Exercise material Block Start

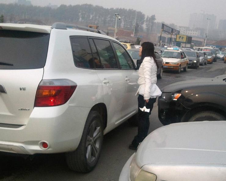 2013年10月20日11时许,在长春欧亚卖场十号门外的停车场通道里,一名年轻女子驾驶一辆灰色丰田轿车由东向西行驶,与一辆由西向东行驶的白色丰田越野车迎面会车。越野车没有避让,往前抢了一下,险造成两车刮碰。女子停车后下车和越野车司机理论,还从车里拿出了一把刃口明晃晃的斧子,一手持斧子,一手不停拍打对方右前侧车门,并且和对方争吵。当时双方车上都有老人,而越野车里还有孩子,吓得哇哇直哭,越野车司机怕出事,就一直没下车也没开车窗。
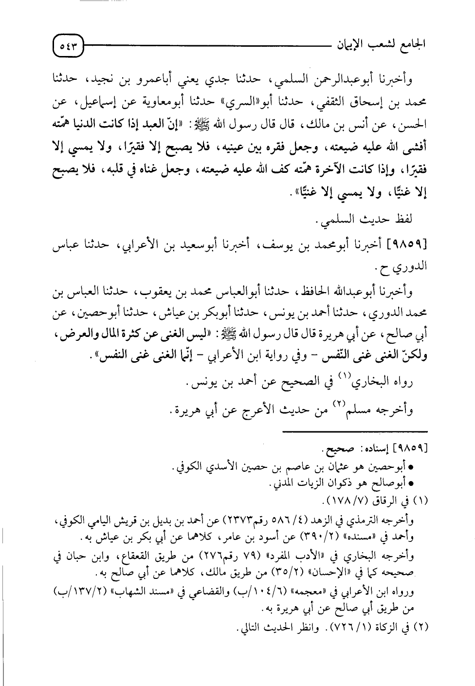 9859 - أَخْبَرَنَا أَبُو مُحَمَّدِ بْنُ يُوسُفَ , أَنَا أَبُو سَعِيدِ بْنُ الْأَعْرَابِيِّ , نَا عَبَّاسٌ الدُّورِيُّ , ح وَأَخْبَرَنَا أَبُو عَبْدِ اللهِ الْحَافِظُ , نَا أَبُو الْعَبَّاسِ مُحَمَّدُ بْنُ يَعْقُوبَ , نَا الْعَبَّاسُ بْنُ مُحَمَّدٍ الدُّورِيُّ , نَا أَحْمَدُ بْنُ يُونُسَ , نَا أَبُو بَكْرِ بْنُ عَيَّاشٍ , نَا أَبُو حُصَيْنٍ , عَنْ أَبِي صَالِحٍ , عَنْ أَبِي هُرَيْرَةَ قَالَ: قَالَ رَسُولُ اللهِ صَلَّى اللَّهُ عَلَيْهِ وَسَلَّمَ: §" لَيْسَ الْغِنَى عَنْ كَثْرَةِ الْمَالِ وَالْعَرَضِ , وَلَكِنَّ الْغِنَى غِنَى النَّفْسِ " وَفِي رِوَايَةِ ابْنِ الْأَعْرَابِيِّ: " إِنَّمَا الْغِنَى غِنَى النَّفْسِ " رَوَاهُ الْبُخَارِيُّ فِي الصَّحِيحِ , عَنْ أَحْمَدَ بْنِ يُونُسَ , وَأَخْرَجَهُ مُسْلِمٌ مِنْ حَدِيثِ الْأَعْرَجِ , عَنْ أَبِي هُرَيْرَةَ
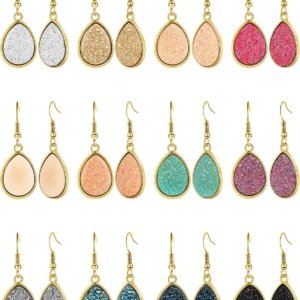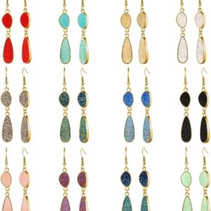 12 Pairs Teardrop Druse Crystal Drop Dangle Earrings for Women Cubic Zirconia Hoop Earring Jewelry Set Christmas Gifts
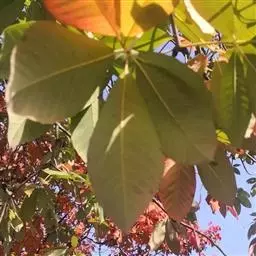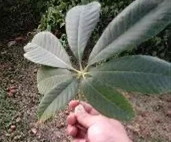 本种有较长的叶柄,常长达30厘米,小叶较厚,近于革质,中间的小叶较之两侧的小叶常长2倍,花序比较粗壮,基部直径约10厘米,极易与相近各种区别。
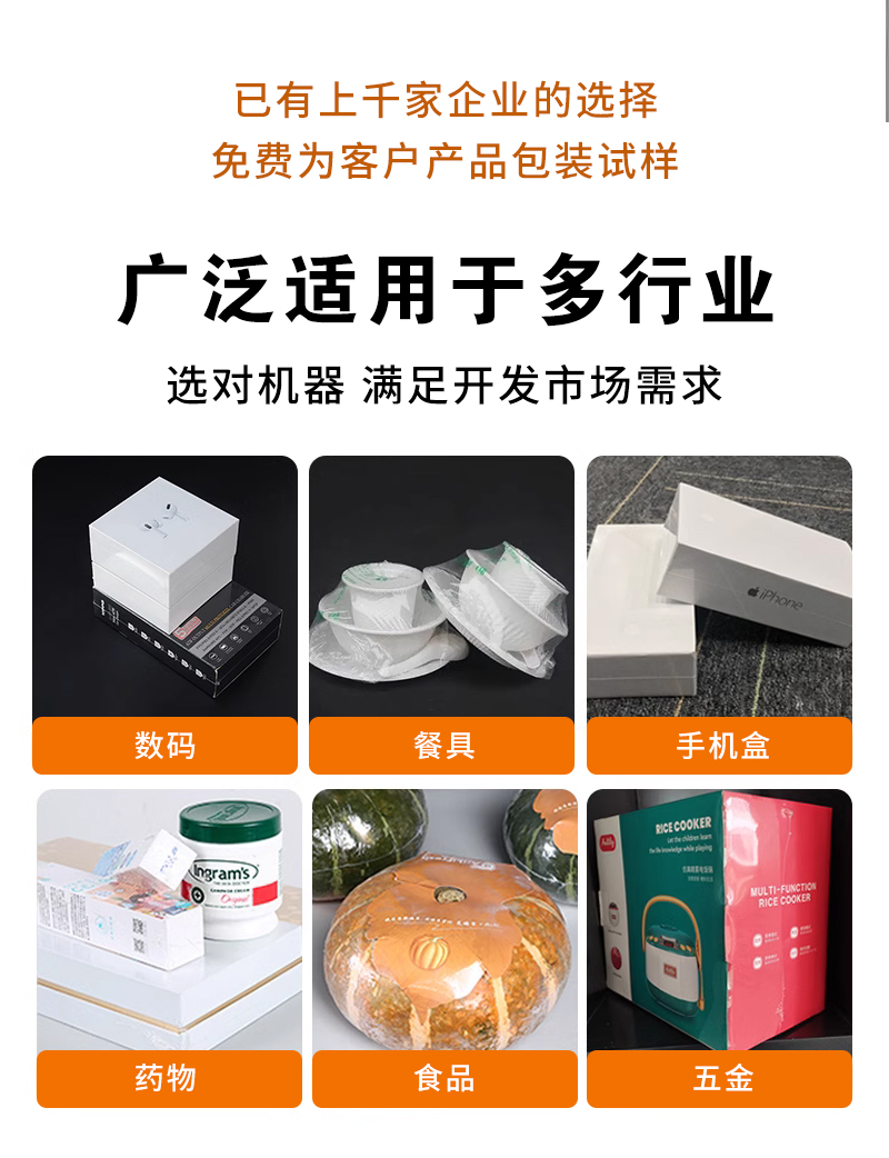 適用于數(shù)碼、餐具、手機(jī)盒、藥物、食品、五金材料等外包裝、塑封等。
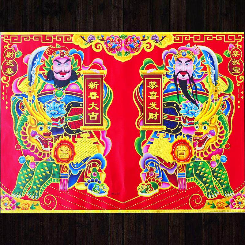 Bronzing painting stickers New Year Zhang Fu character large flying stickers door god PCN stickers door 2022 couplet year of the tiger stickers fortune
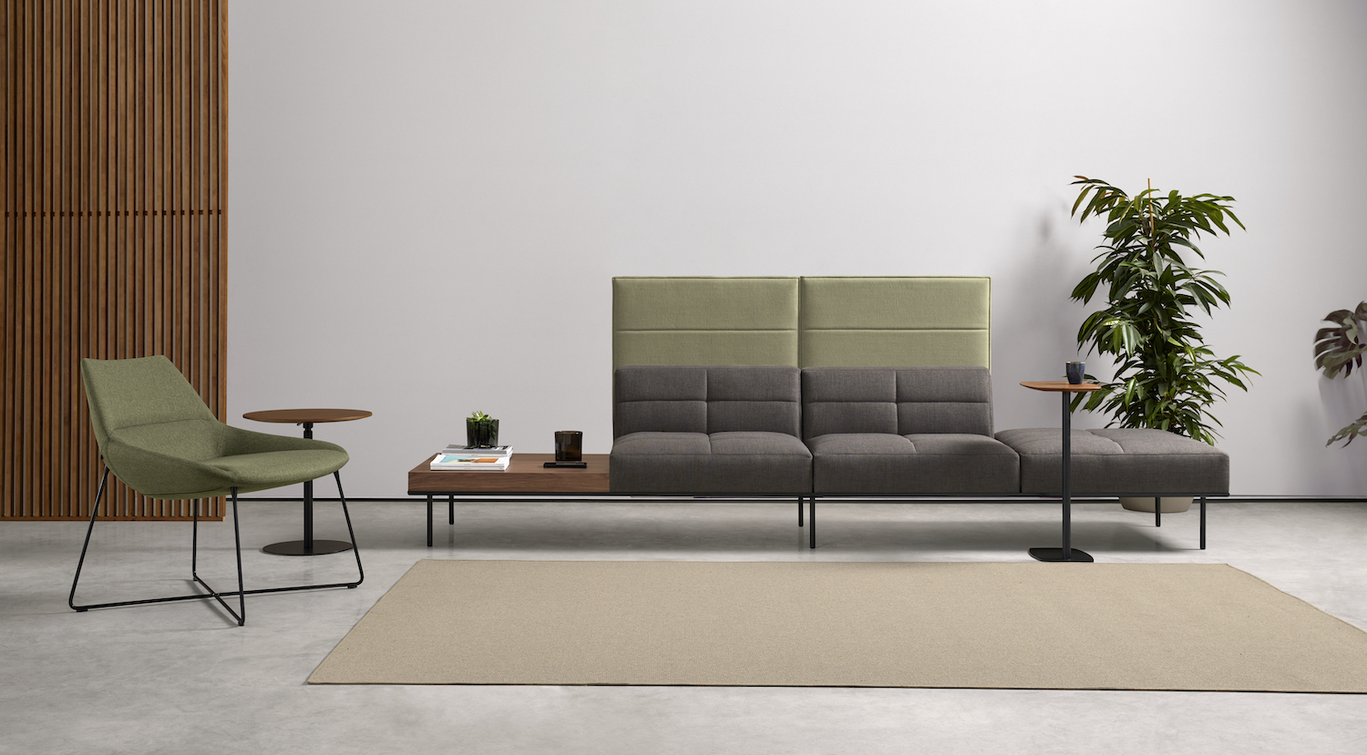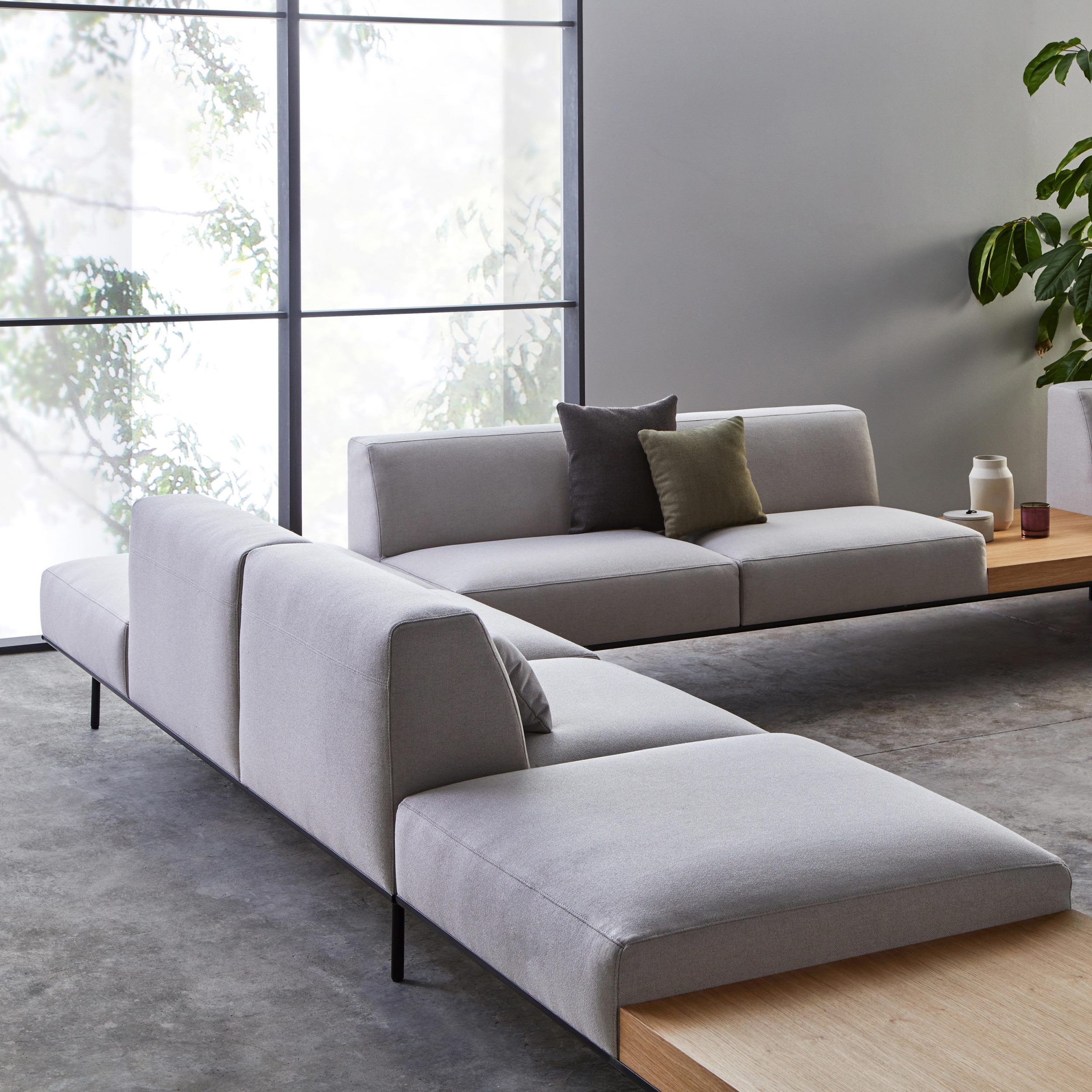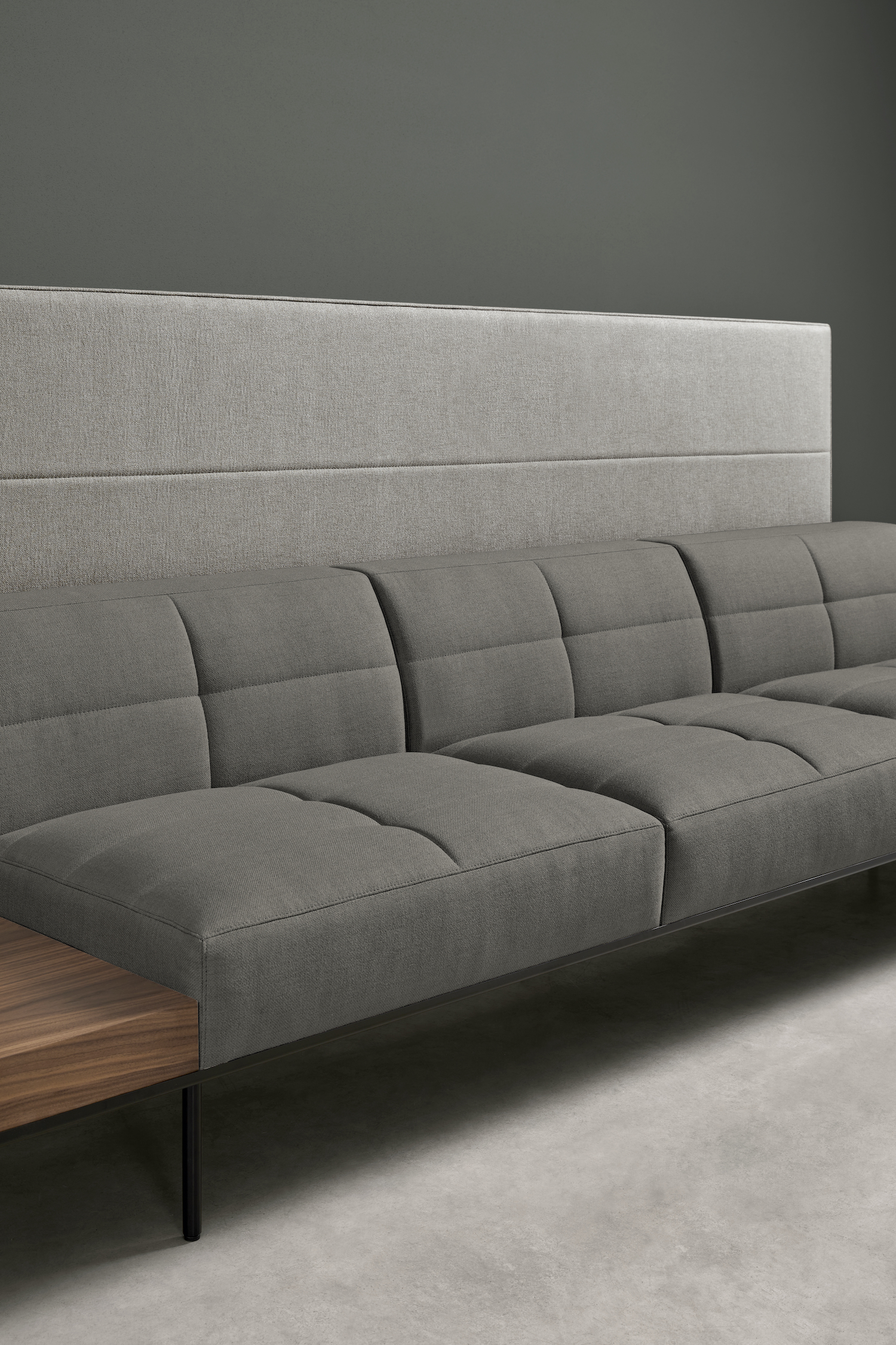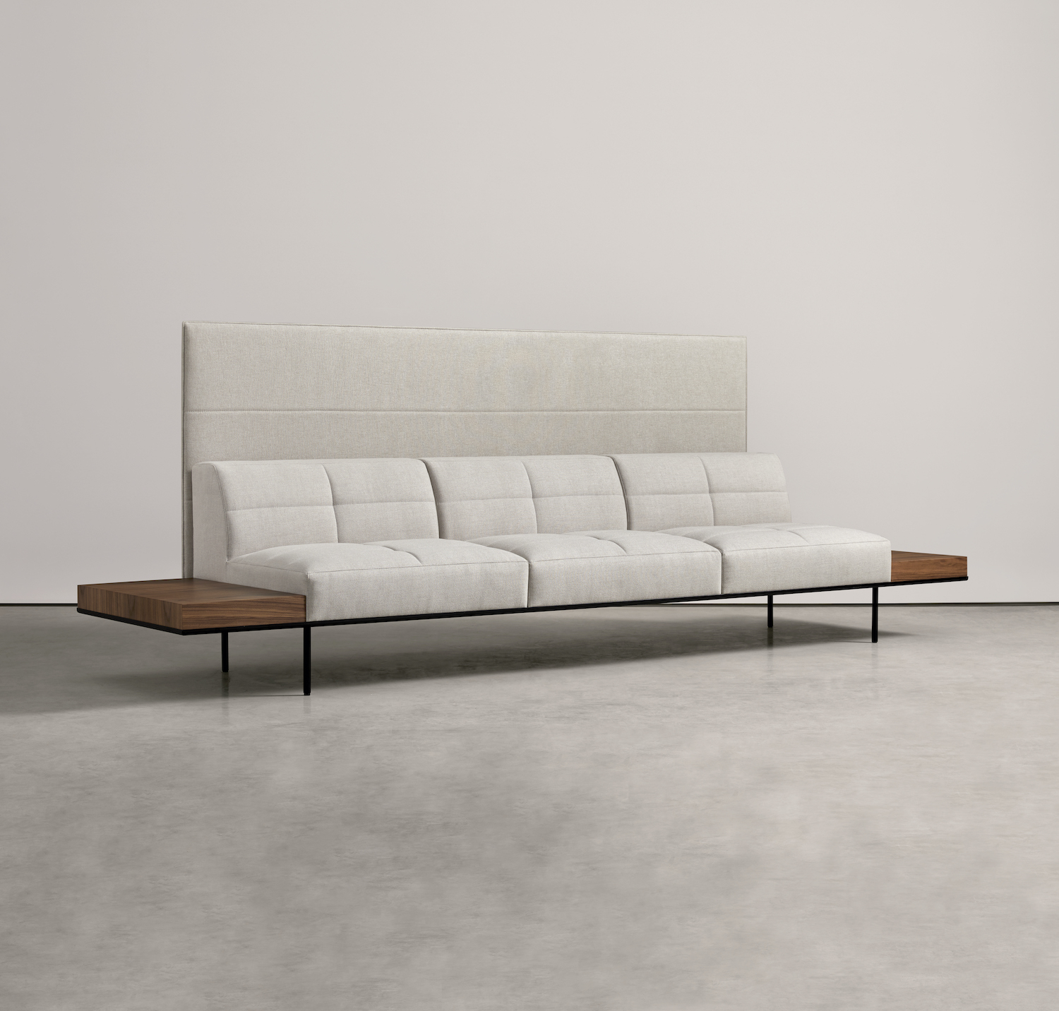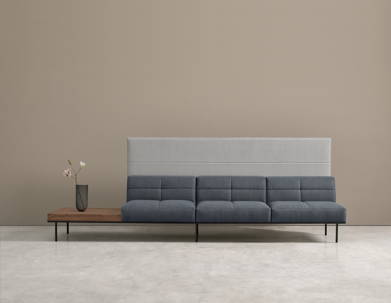 Escala is a very flexible, elegant and cosy modular sofa that originates in the combination of different upholstered elements and accessories with sleek horizontal platforms in an aluminium profile. The result is a highly customisable collection of sofas that stands out for its visual lightness, refined shape and timeless design. The geometry and precise proportions, together with the broad range of elements available, allow for endless configurations to facilitate their integration in different contexts and settings both in public and private spaces.
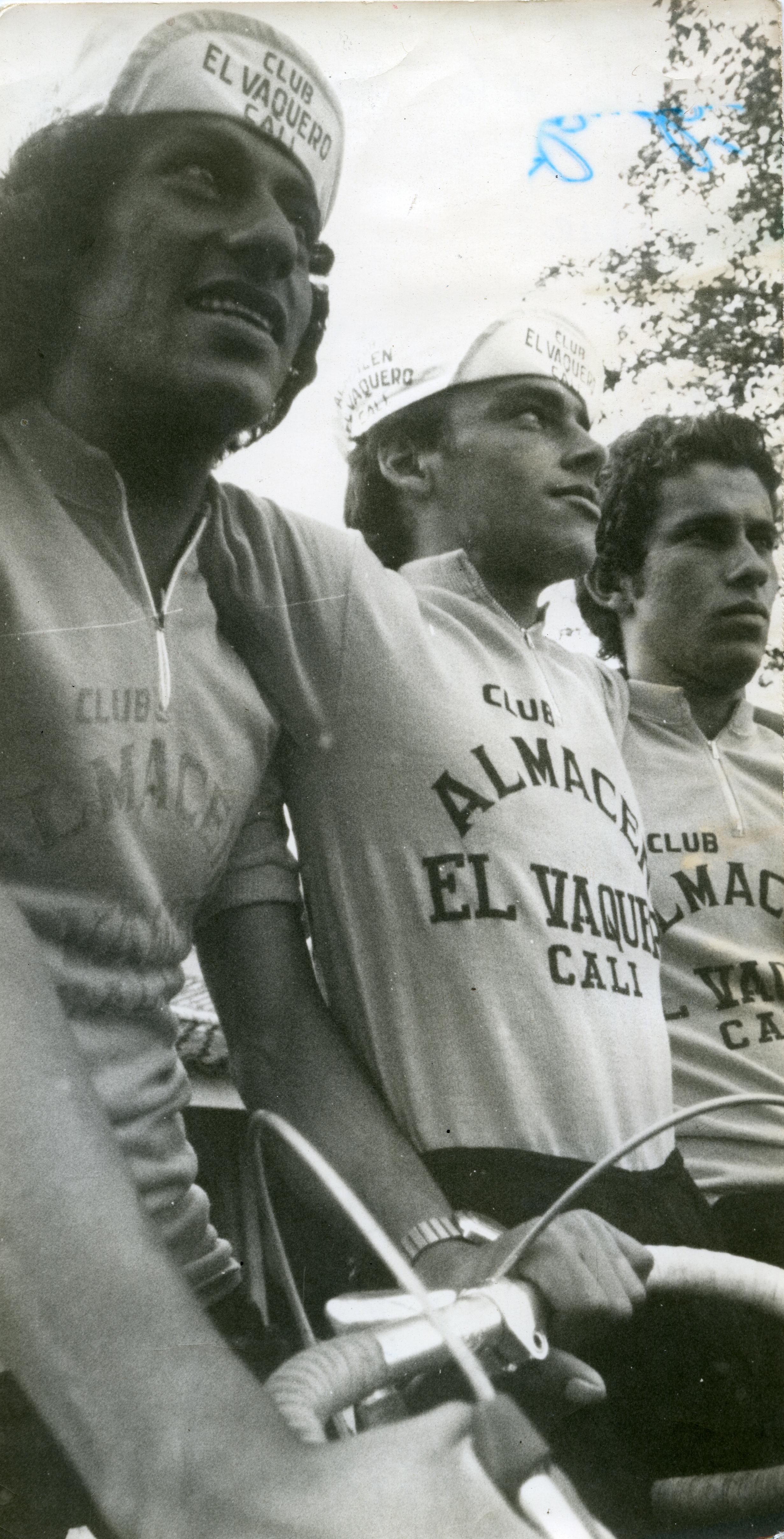Luis Carlos Manrique, nacido el 8 septiembre de 1955 en Onzaga, Santander, Colombia. Es un ciclista Colombiano. En la gráfica se aprecia a Manrique posando para la foto con dos compañeros de equipo. En la camiseta dice: Club Almacén El Vaquero Cali

Exercise material Block End

## Task brief
Set down each entry above exactly as it appears. Omit the pictures.

## Reply to the task
 2013年10月20日11时许,在长春欧亚卖场十号门外的停车场通道里,一名年轻女子驾驶一辆灰色丰田轿车由东向西行驶,与一辆由西向东行驶的白色丰田越野车迎面会车。越野车没有避让,往前抢了一下,险造成两车刮碰。女子停车后下车和越野车司机理论,还从车里拿出了一把刃口明晃晃的斧子,一手持斧子,一手不停拍打对方右前侧车门,并且和对方争吵。当时双方车上都有老人,而越野车里还有孩子,吓得哇哇直哭,越野车司机怕出事,就一直没下车也没开车窗。
 9859 - أَخْبَرَنَا أَبُو مُحَمَّدِ بْنُ يُوسُفَ , أَنَا أَبُو سَعِيدِ بْنُ الْأَعْرَابِيِّ , نَا عَبَّاسٌ الدُّورِيُّ , ح وَأَخْبَرَنَا أَبُو عَبْدِ اللهِ الْحَافِظُ , نَا أَبُو الْعَبَّاسِ مُحَمَّدُ بْنُ يَعْقُوبَ , نَا الْعَبَّاسُ بْنُ مُحَمَّدٍ الدُّورِيُّ , نَا أَحْمَدُ بْنُ يُونُسَ , نَا أَبُو بَكْرِ بْنُ عَيَّاشٍ , نَا أَبُو حُصَيْنٍ , عَنْ أَبِي صَالِحٍ , عَنْ أَبِي هُرَيْرَةَ قَالَ: قَالَ رَسُولُ اللهِ صَلَّى اللَّهُ عَلَيْهِ وَسَلَّمَ: §" لَيْسَ الْغِنَى عَنْ كَثْرَةِ الْمَالِ وَالْعَرَضِ , وَلَكِنَّ الْغِنَى غِنَى النَّفْسِ " وَفِي رِوَايَةِ ابْنِ الْأَعْرَابِيِّ: " إِنَّمَا الْغِنَى غِنَى النَّفْسِ " رَوَاهُ الْبُخَارِيُّ فِي الصَّحِيحِ , عَنْ أَحْمَدَ بْنِ يُونُسَ , وَأَخْرَجَهُ مُسْلِمٌ مِنْ حَدِيثِ الْأَعْرَجِ , عَنْ أَبِي هُرَيْرَةَ
 12 Pairs Teardrop Druse Crystal Drop Dangle Earrings for Women Cubic Zirconia Hoop Earring Jewelry Set Christmas Gifts
 本种有较长的叶柄,常长达30厘米,小叶较厚,近于革质,中间的小叶较之两侧的小叶常长2倍,花序比较粗壮,基部直径约10厘米,极易与相近各种区别。
 適用于數(shù)碼、餐具、手機(jī)盒、藥物、食品、五金材料等外包裝、塑封等。
 Bronzing painting stickers New Year Zhang Fu character large flying stickers door god PCN stickers door 2022 couplet year of the tiger stickers fortune
 Escala is a very flexible, elegant and cosy modular sofa that originates in the combination of different upholstered elements and accessories with sleek horizontal platforms in an aluminium profile. The result is a highly customisable collection of sofas that stands out for its visual lightness, refined shape and timeless design. The geometry and precise proportions, together with the broad range of elements available, allow for endless configurations to facilitate their integration in different contexts and settings both in public and private spaces.
Luis Carlos Manrique, nacido el 8 septiembre de 1955 en Onzaga, Santander, Colombia. Es un ciclista Colombiano. En la gráfica se aprecia a Manrique posando para la foto con dos compañeros de equipo. En la camiseta dice: Club Almacén El Vaquero Cali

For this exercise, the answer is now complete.